この3月29日東京都議会はストーカーを念頭に置いた迷惑防止条例を成立させ今年7月から施行される。この法案は憲法を越えているとの批判もあり、警察関係は否定をしているものの、現在連日行われている「安倍政権にNO」のような路上集会などにも規制がかかるのでは、と懸念されている。さて、映画『タクシー運転手 約束は海を越えて』は、38年前に実際に韓国の全羅道光州市で起きた事件である。
この事件は、表面に見えるところだけだと、本質が見えない可能性があるが、一応たどってみる。 1979年に軍事独裁の朴正熙大統領が殺害され、一時的に「ソウルの春(民主化)」が訪れた。しかしすぐに全斗煥が実権を握り、新軍部による軍事政権が誕生し、金大中や金泳三が自宅監禁された。それに不満を持ち民主化を望む学生が中心になって各地でデモが行われ、不穏な空気が漂っていた。そんな中で1980年5月18日から10日間に及ぶ光州事件起きている。つまりこの事件は、デモ鎮圧の戒厳軍が学生たちを必要以上に制圧したことに怒った市民を巻き込んで実弾戦となり、多数の死者を出したのである。

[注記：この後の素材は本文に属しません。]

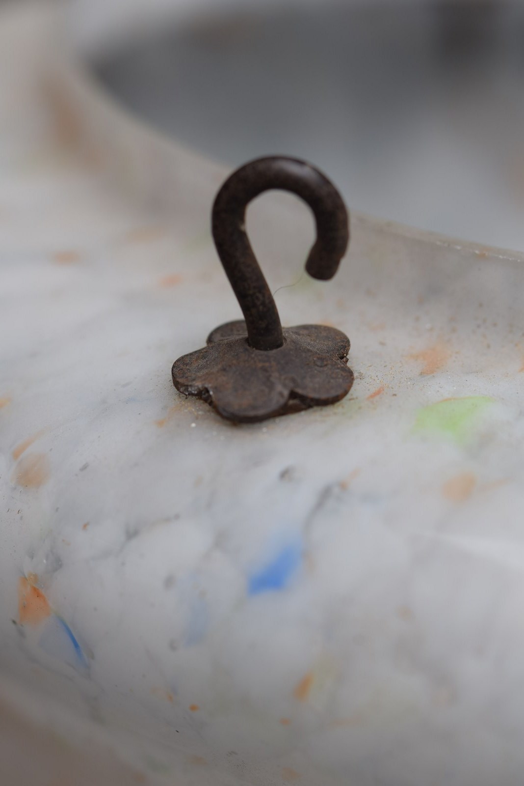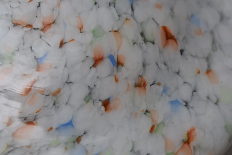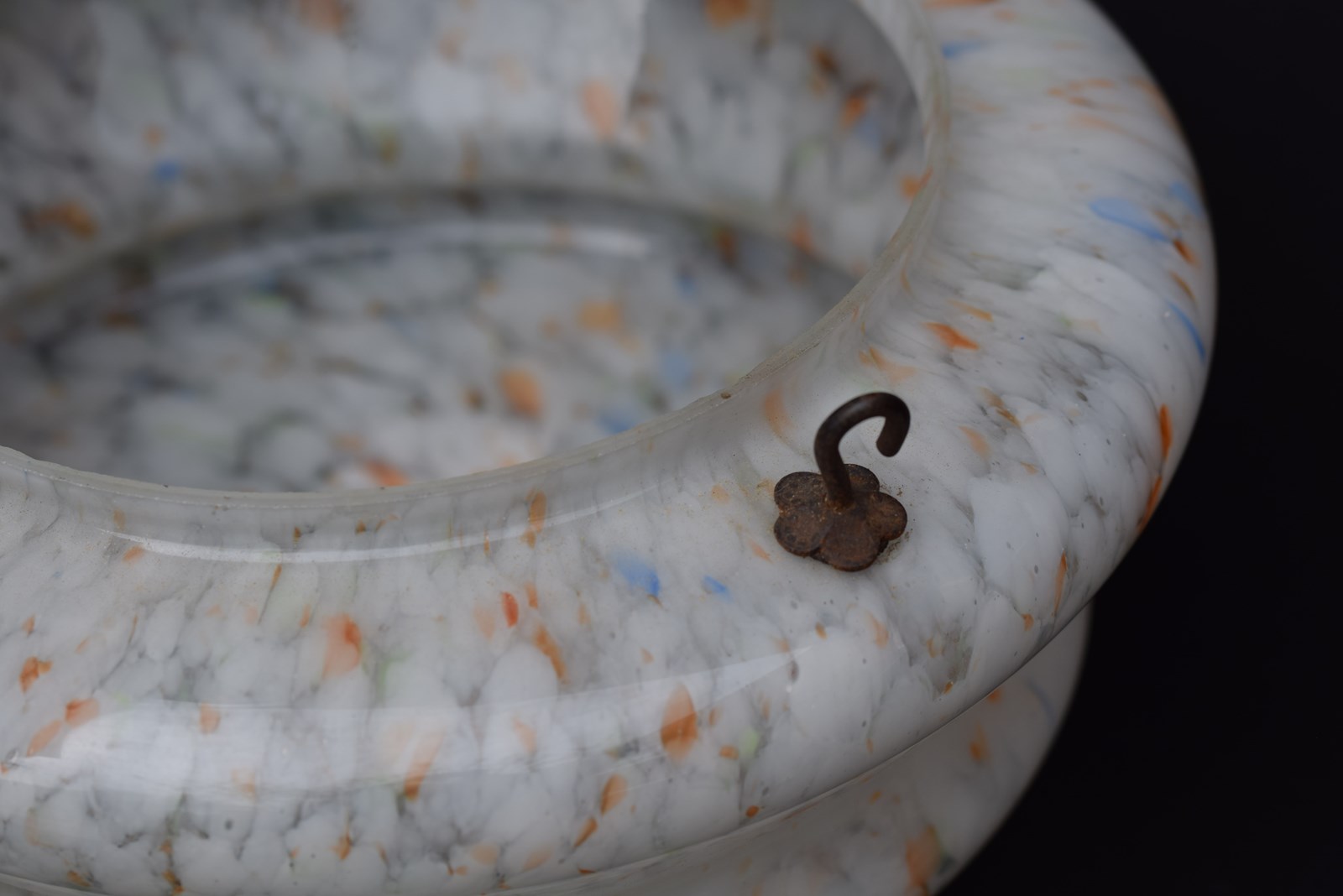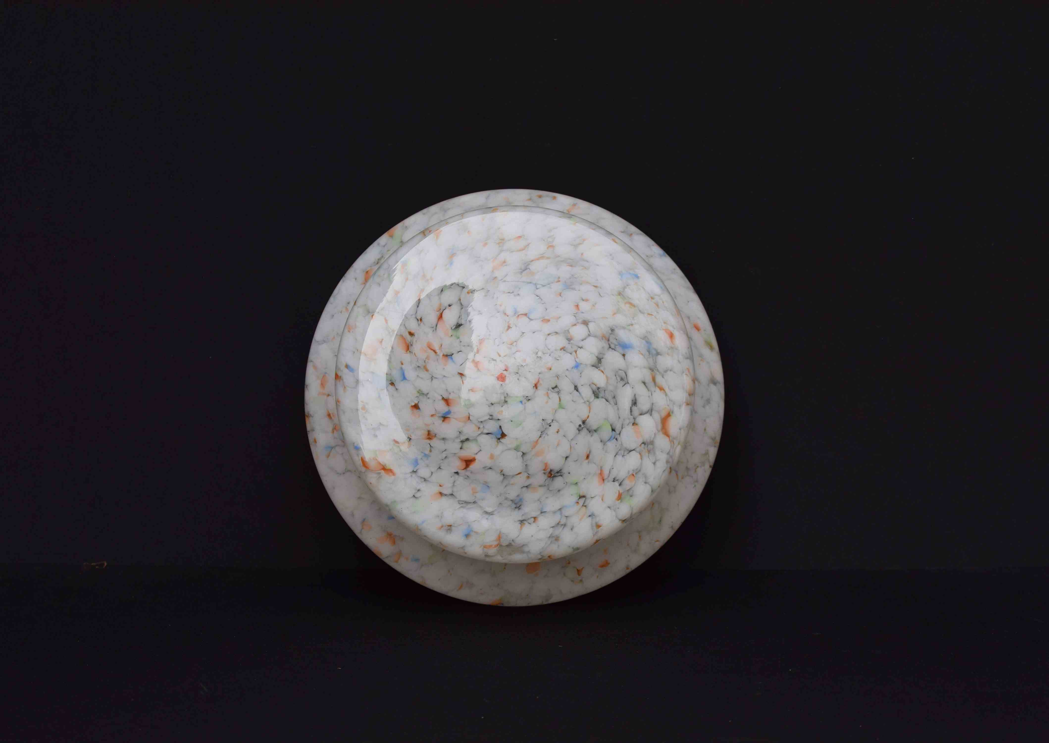 A very good condition English Art Deco period plafonnier or flycatcher glass shade. Mottled & marbled glass with whites, oranges, blues, greens etc. Supplied with the original hanging chains , no ceiling hook. Approximately 11.5 inches in diameter & 5.5 inches in depth. Sale includes delivery within the United Kingdom, it will be packed well.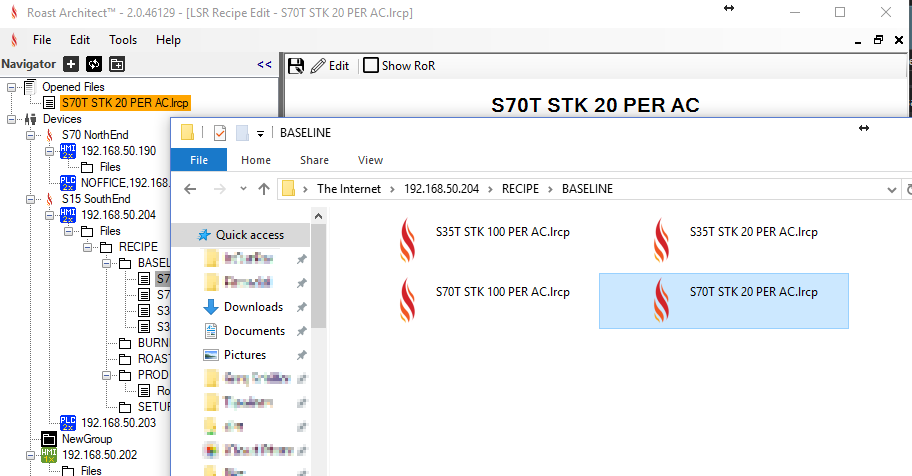 icon. This indicates that the folder contains a PLC and a Screen which when combined designates a v2 S-Series Roaster. The v1 series does not change its icon and retains the default Device Group icon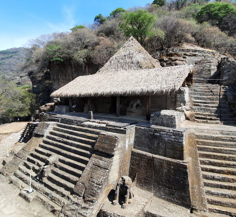 El corazón espiritual del viaje se encuentra en el Centro Arqueológico de Malinalco, un sitio único en Mesoamérica por estar tallado directamente en la roca de la montaña. El acceso, antiguamente restringido a la élite mexica, conduce a cinco estructuras principales cargadas de simbolismo.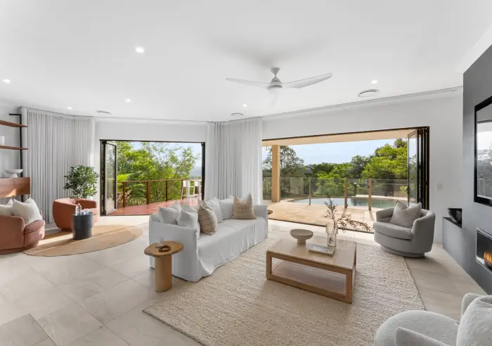 Positioned at the end of a long driveway and set well back from the road, this exceptional 1.21-hectare hinterland retreat delivers rare privacy, seclusion, elevation and breathtaking outlooks across the rolling Eumundi hills, with State Forest bordering the rear of the property. Secured behind an electric gate and fenced frontage, the setting is peaceful, secluded and immersed in nature.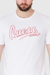 GUESS men's t-shirt in white. Red beachwear logo on the front.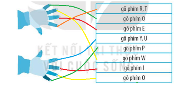 Hãy nối mỗi ngón tay với một ô có nội dung tương ứng để gõ các phím của hàng phím trên đúng cách.

その後この事件は、大統領直接選挙制を求めた民主化運動(1887年)への大きなうねりとなっていった。 1990年代に、私は光州事件の犠牲者のお墓に詣でた。広い墓地の一角を占めるそこには墓碑が整然と並び、犠牲になった方の写真が貼りこまれていて、花などの供物が置かれていた。その日は記念日でもなんでもないのに、あちこちに墓参の人たちがいた。 その光景は図らずも光州事件が、韓国の人々に深く記憶されることを示していると思った。そして今振り返れば、2008年(FTAの牛肉自由化反対を端に発した反政府デモ)や昨年の朴槿恵大統領の辞任を勝ち取った2つの非暴力大規模キャンドルデモの出発点の一つにもなったのではないかとさえ思う。
さてこの映画は、その光州事件に期せずして巻き込まれた人のいいタクシー運転手キム・マンソプ(『弁護人』での主役・ソン・ガンポ)とジャーナリストとしての使命感に燃えたドイツ人記者ユルゲン・ヒンツペーター(『戦場のピアニスト』でのトーマス・クレッチマン)の光州事件の真っただ中で過ごした実話をもとに作られたものである。一種の英雄物語でもあるから、これが韓国で大ヒットをしたことは、うなずける。
日本で仕事をしている特派員のヒンツペーター(ピーター)は、韓国で異変が起きているのに報道さていないことを知り、光州に飛ぶ。一方、父子家庭のマンソプは、娘がいじめられないように、滞っている家賃の10万ウォンの工面に頭が痛い。と、そこに光州まで1日で往復する10万ウォンの仕事の話を小耳に挟み、何食わぬ顔をしてその仕事を横取りする。ソウル市内のデモに対して仕事の邪魔とばかりに悪態をついていた彼が、それと知らずに最も激しい闘争現場に飛び込むことにったのである。
ピーターとマンソプは、催涙弾から実弾に変わる足かけ2日ほどを光州にいたことになる。逃げ腰のマンソプを尻目にピーターは、現場をひたすらフィルムに収め続ける。その発信に希望をつなぎ、協力する光州市民や学生たち。
間もなくピーターの存在が戒厳軍に知られ、追われる身に。通訳の学生の機転で何とか危機を脱したのだが、ソウルに残してきた娘が心配なマンソプは一人ソウルに向かう。ところが、安全地帯まで来た時、彼の何かにスイッチが入のか、闘争現場に戻っていく。息絶えた通訳の学生のそばで、呆然としているピーター。マンソプはそんな彼にカメラを握らせる。
学生と機動隊員、兵役義務として入隊する軍人は、ほぼ同じ年齢だ。互いに共感したり、むやみと敵愾心を持つなど、いろいろあると90年代初めに学生から聞いたことがある。そんなことを彷彿とさせるスリリングな場面もあった。
マンソプの乗るタクシーの存在感も半端ではない。決して立派ではない車だが、市街戦で痛みつけられながらもグリーンが冴えわたっている。まるで緑が平和を象徴しているかのように、修理によって再生されていく。